Hello A-G! It seems you have thrown down the gauntlet: This is a most incisive list of questions designed to challenge the most fundamental assumptions of the metaphysical naturalists out there. Well done!
Of course, not every metaphysical naturalist is an atheist (the theme of this thread). Many are simply agnostic. But if anyone will seriously consider these questions, they may find they are able to broaden their perspectives thereby. To anyone but an atheist, these are not "dangerous questions."
I often wonder about the psychology of atheism, what motivates it, and what atheists hope to achieve/obtain from it. I guess in the end, atheists somehow believe that God is dangerous in some way to their personal well-being (however understood). But this strikes me as being an absolute inversion of natural truth. Still, inverted truth seems to have many champions these days. I wouldn't know how else to explain a Michael Newdow, a Richard Lewontin, a Noam Chomsky, et al., than that they are "inverted" (unnatural) people, trying to invert the world into a "more pleasing shape." (E.g., as much unlike the one God "shaped" as possible.... FWIW
I also think you're right to call atheism a "religion" -- an inverted one, an ersatz one, to be sure; but a religion nonetheless.
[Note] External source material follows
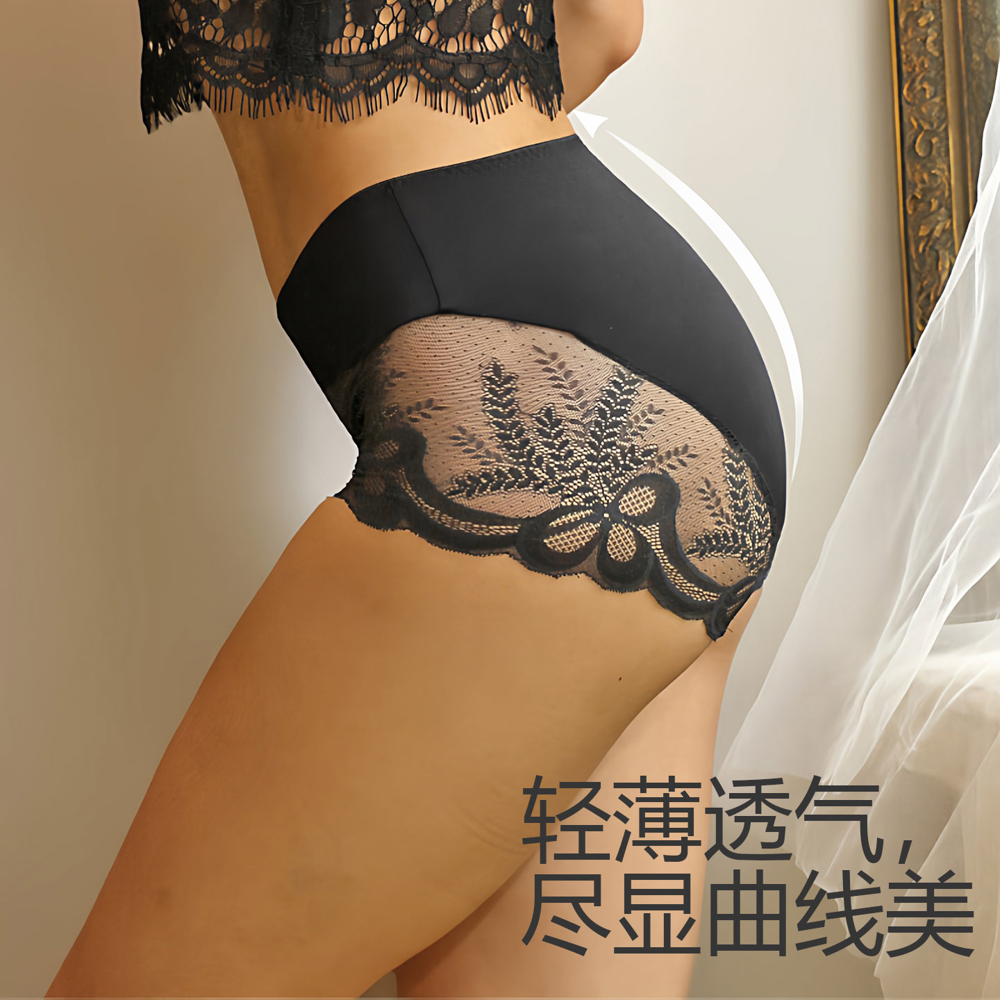 3条装 中高腰提臀收腹超薄网纱三角裤无痕大码性感内裤女蕾丝夏季

Methinks it is a religion devoted to the worship, not of God, but of "Me." Thanks for this great post!
> To anyone but an atheist, these are not "dangerous questions."
Nor are they "dangerous" to atheists.
Consider:
Q1: " there was a beginning, an uncaused cause, i.e. God!"
A1: i.e.... somethign entirely else. "I don't know" does not equal God.
Q2: "i.e. a life force"
A2: Scientists ahve made living things (polio virii) from non-living molecular components. No "life force" was injected.
Q3: "Why does the organism have a will to live?"
A3: Because if it didn't, it wouldn't live, and thus wouldn't reproduce.
Q4: "the incredibly delicate physical constants, physical laws ..."
A4: Change the laws, and we become impossible. But change the laws and something *else* becomes possible.
Q5: "why our vision and mind are tuned to a particular selection of four coordinates"
A5: These are the ones that are useful for perception of our environment.
Q6: "He'd have to explain how biological semiosis arose through natural means."
A6: Look up the experiments of Urey, and the follow-on experiments of Fox.
Q7: "i.e. cardiovascular without the lungs, nervous system without the brain"
A7: Lungs and Brains aren't needed for life; note your nearest amoeba.
Q8-a: "explain how eyes developed concurrently across phyla i.e. vertebrates and invertebrates "
A8-a: Vertebrates evolved from invertebrates after the development of eyes. Look up Pikaia.
Q8-b: "virtually no new body plans since the Cambrian Explosion"
A8-b: Because optimums can be reached. There's a reason why really fast submersibles tend to look like fish, and why subsonic aircraft look like birds or insects (helicopters). Natural forces mean that certain forms function better than others. How effective would a fish shaped like, say, a mastodon be?
Q9: "Hed have to have a natural explanation for qualia "
A9: Without them you die and don't reproduce.
Not a one of these means either that God exists or doesn't exist. The ability to answer does not negate God, the inability to answer does nto make God inevitable.
> I often wonder about the psychology of atheism, what motivates it, and what atheists hope to achieve/obtain from it.
What do you hope to achieve by believing that the world is round, or that the Earh goes round the sun? It makes no difference to the lives of the vast majority of people. You believe things because they are, to your judgement based on the evidence at hand, so.
A better thign to wonder about is the psychology of those who demand that anyone who believes very differently about the supernatural is somehow sick or evil.
I've had a tendency over the years to view atheists by three types: the ordinary atheist who doesn't believe but doesn't mind if you do, the pondering atheist who wants to present his reasoning (as if always reevaluating his own thoughts) and the evangelical atheist who insists that nobody else ought believe in God. IMHO, the Newdow's and Lewontin's are evangelical - using every power at their disposal to influence others.
Would it be too simplistic to posit that the above mentioned characters are the centers of their own universes and that the existence of God spoils such narcissism? Therefore, His existence shall be denied not because it causes Him to not exist, but because it allows self-centered, postmodern universes to temporarily prosper "for a season."